In complexity theory, both the natural world and human societies are understood as complex adaptive systems that share certain crucial properties. First, the natural world and human societies are a network of many “agents” acting in parallel. Each agent finds himself in an environment produced by his interaction with other agents in which there is competition and cooperation. In addition, a complex adaptive system has many levels of organization that are constantly learning, adapting and evolving. Indeed, collective behaviour and self-organization define patterns of behaviour. Third, all complex adaptive systems anticipate the future. From the methodological point of view, Waldrop (1992:142) emphasizes the importance of the use of computational systems in the research of complexity theory. The challenge is to build realistic models in order to make complex adaptive systems simulations that do not converge to equilibrium. In effect, different successful generations of elements, organisms and agents tend to modify and rearrange the characteristics of internal models of behaviour in an evolutionary process. In this perspective, learning, evolution and adaptation are part of the same process whose predictive character is based on implicit or explicit hypotheses about the collective behaviour of the elements of the system. In mathematical and computational models, such hypotheses feed simulation practices with the objective of testing the potentialities of complex systems that incorporate random variables, as well as the multiple elements of internal behaviour models and building blocks. This methodology turns out to be crucial to developing not only artificial intelligence (models related to thought processes), but also artificial life (models related to the biological mechanisms of evolution). In both cases, the study of complexity involves the definition of comprehensive and ambitious algorithms and classification systems (Waldrop 1992: 198).

From an epistemological point of view, it should be emphasized that the scientific conception of the Santa Fe Institute emphasizes that the essence of science is its capacity for understanding and explanation (Waldrop 1992: 255). On the other hand, the theory of complexity points out to a conception of science that advances in the direction of convergence between the human, physical, and biological sciences. Research in molecular biology and cognitive science are relevant examples of this attempt. Besides, Waldrop highlights the reformulation of behavioural theories by rejecting the rationality of economic agents as a priori norm and the equilibrium trend as an inherent principle in markets.

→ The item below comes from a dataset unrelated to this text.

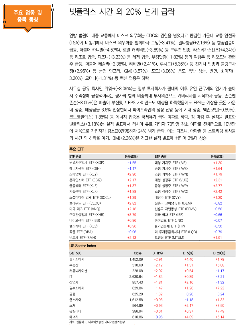 대형 기술주들이 실적 기대감으로 강세를 보였다. 마이크로소프트 주가는 1.70%, 구글 모기업인 알파벳 주가는 1.83% 뛰었다. 넷플릭스는 정규장에서 3.18% 상승했다. 하지만 장 마감 직후 1분기 실적 발표에서 구독자 수가 10년 만에 처음 20만명가량 줄었다는 소식에 시간 외 거래에서 20% 넘게 빠졌다.

A shift to Complexity in economic thinking

An ongoing dialogue between economic theories and the economic reality should be considered in any attempt to build realistic economic theories in a complexity framework. Recalling Brian Arthur’s words, “we are finally beginning to recover from Newton’s ideas.” (Waldrop 1992: 335) Such an epistemological shift from a non-reductionist perspective opens up new perspectives to re-think human behaviour, the boundaries of evolution and the dynamics of institutions embedded in society.

The understanding of the evolution of real-world markets through time – that is irreversible – requires a shift to Complexity in economic thinking that might favour the adoption of

  • A non-anthropocentric approach to economics
  • A social ontology that is rooted in actual experience in the markets
  • A new approach to the rationality of economic agents
  • An evolutionary approach based on the coexistence of laws and change
  • An ontological indeterminism that rejects a necessitarian approach to real-world economies
  • An epistemological fallibilism that rejects absolute truths
  • An endogenous approach to norms and ethics

Considering the relevance of this topic in economics education, students should be aware of the philosophical backgrounds and practical consequences of different epistemological approaches. Complexity in Economics is not just a new label, but represents a way of rethinking economics as a science.  

References

DESCARTES, René.  Discurso do Método. São Paulo: Abril Cultural, 1973.

FULLBROOK, E. Narrative Fixation in Economics, WEA Books, 2016.

WALDROP, M. Complexity: the Emerging Science at the Edge of Order and Chaos, USA: Simon & Schuster, 1992.

WILLIAMS, Bernard. Descartes: The Project Of Pure Enquiry. UK: Penguin, 1978

From: pp.7-9 of WEA Commentaries 8(4), September 2018
http://www.worldeconomicsassociation.org/files/Issue8-4.pdf

Download WEA commentaries Volume 8, Issue No. 4, September 2018 ›

4 responses

  • ishi says:

    I met a professionally trained economist yesterday who works for US gov on agricultural economics. It was a group meeting–everyone thought she was brilliant–but while all her views were ‘outside the box’ (the meeting was about veganism) i thought they were trivial. Some people still believe in a ‘flat earth’. (I do as well but i’m a conventionalist—i have a pciture of the earth on my wall and its a flat map. )

    I see your most recent reference on ‘complexity’ is from 1992. I recently looked at the news and it said it is now 2018. (Actually complexity in economics goes back to 1970’s , 60’s, and before).

  • Barkley Rosser says:

    It would have been useful if this article had noted any of the developments in complexity economics since 1922 aside from Fullbrook’s comments on Cartesianism. Some books edited by me containing a bit more on this readrs might find interesting include _Complexity in Economics_: 3 volumes, Edward Elgar, 2004 and _Handbook of Research on Complexity_, Edward Elgar, 2009. There is much more out there as well.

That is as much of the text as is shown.